> _EXERCISE AIM_: Repeat the entire listing exactly. Omit all pictures.

> _DATA BLOCK_:
---

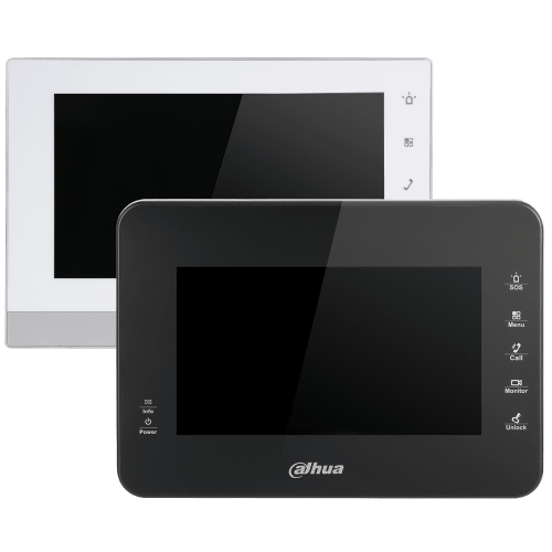 Внутренний абонентский монитор Dahua DH-VTH1560BW построен на микропроцессоре, ОС Linux. Оборудован цветным сенсорным LCD-дисплеем емкостного типа с диагональю 7", разрешением 800×480, сенсорными кнопками, всенаправленным микрофоном и встроенным динамиком.
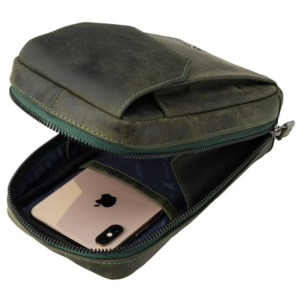 матова; регульований плечовий ремінець; петелька на пояс; кишеня для телефону на передній стінці
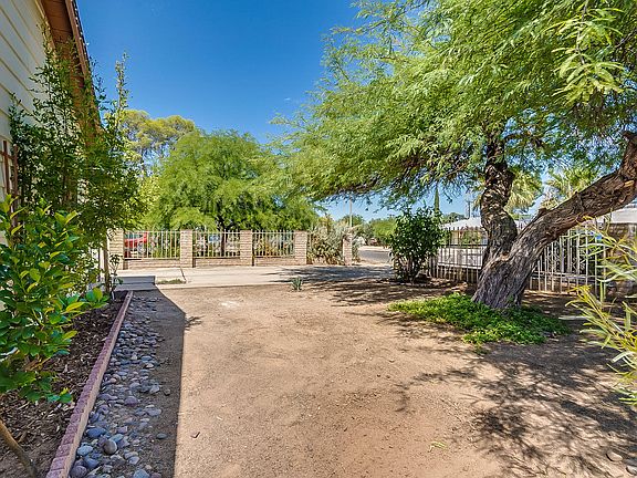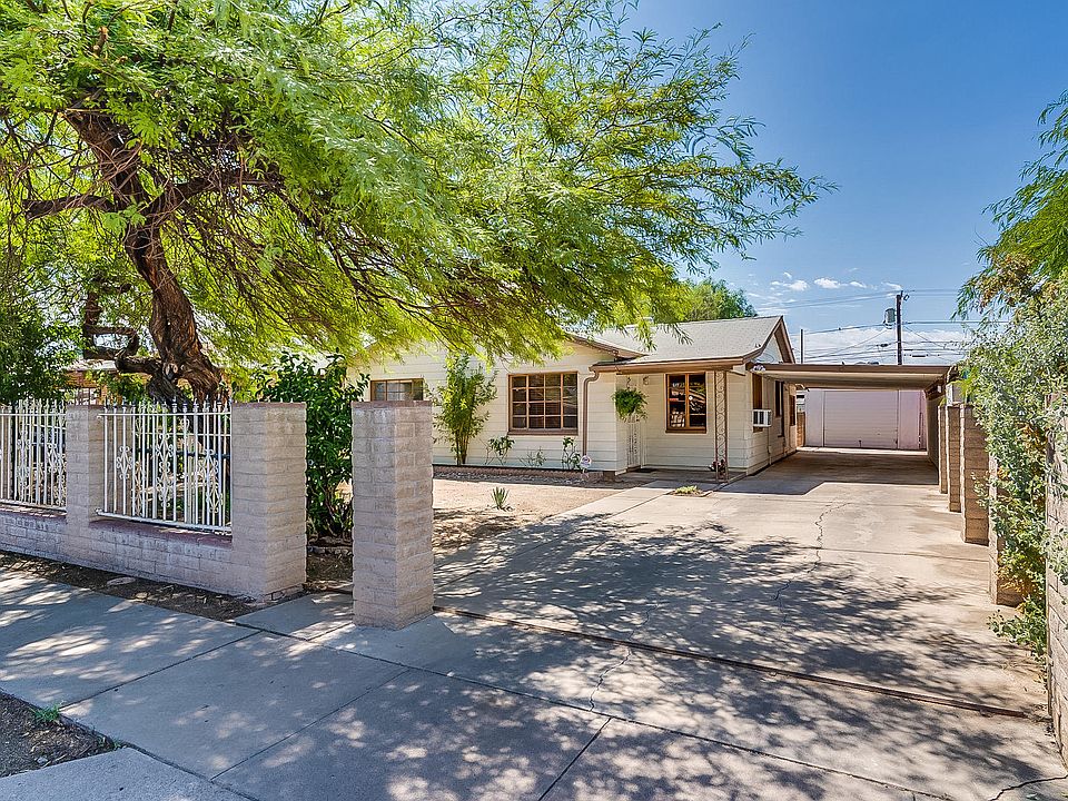 Great investor or starter home in established central neighborhood conveniently located near Reid Park, shopping, restaurants, UofA and downtown. Two bedroom one full bathroom with a bonus room, den or work room beyond kitchen. Detached garage and tandem carport provides covered parking for 3 cars. Hard floors throughout the house. Nice yard with mature trees, front yard features masonary and wrought iron fencing with sliding gate to enclose your private yard. Alley access from rear yard as well. House has nice curb appeal. Bring your ideas and imagination to make it yours. Needs some updating but home has great potential.
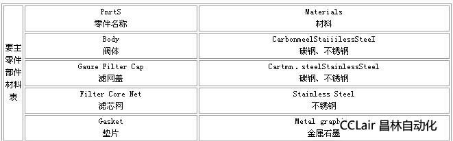 三、自動(dòng)排污過濾器主要零件部件材料表:

---

> _RESPONSE_:
 Внутренний абонентский монитор Dahua DH-VTH1560BW построен на микропроцессоре, ОС Linux. Оборудован цветным сенсорным LCD-дисплеем емкостного типа с диагональю 7", разрешением 800×480, сенсорными кнопками, всенаправленным микрофоном и встроенным динамиком.
 матова; регульований плечовий ремінець; петелька на пояс; кишеня для телефону на передній стінці
 Great investor or starter home in established central neighborhood conveniently located near Reid Park, shopping, restaurants, UofA and downtown. Two bedroom one full bathroom with a bonus room, den or work room beyond kitchen. Detached garage and tandem carport provides covered parking for 3 cars. Hard floors throughout the house. Nice yard with mature trees, front yard features masonary and wrought iron fencing with sliding gate to enclose your private yard. Alley access from rear yard as well. House has nice curb appeal. Bring your ideas and imagination to make it yours. Needs some updating but home has great potential.
 三、自動(dòng)排污過濾器主要零件部件材料表:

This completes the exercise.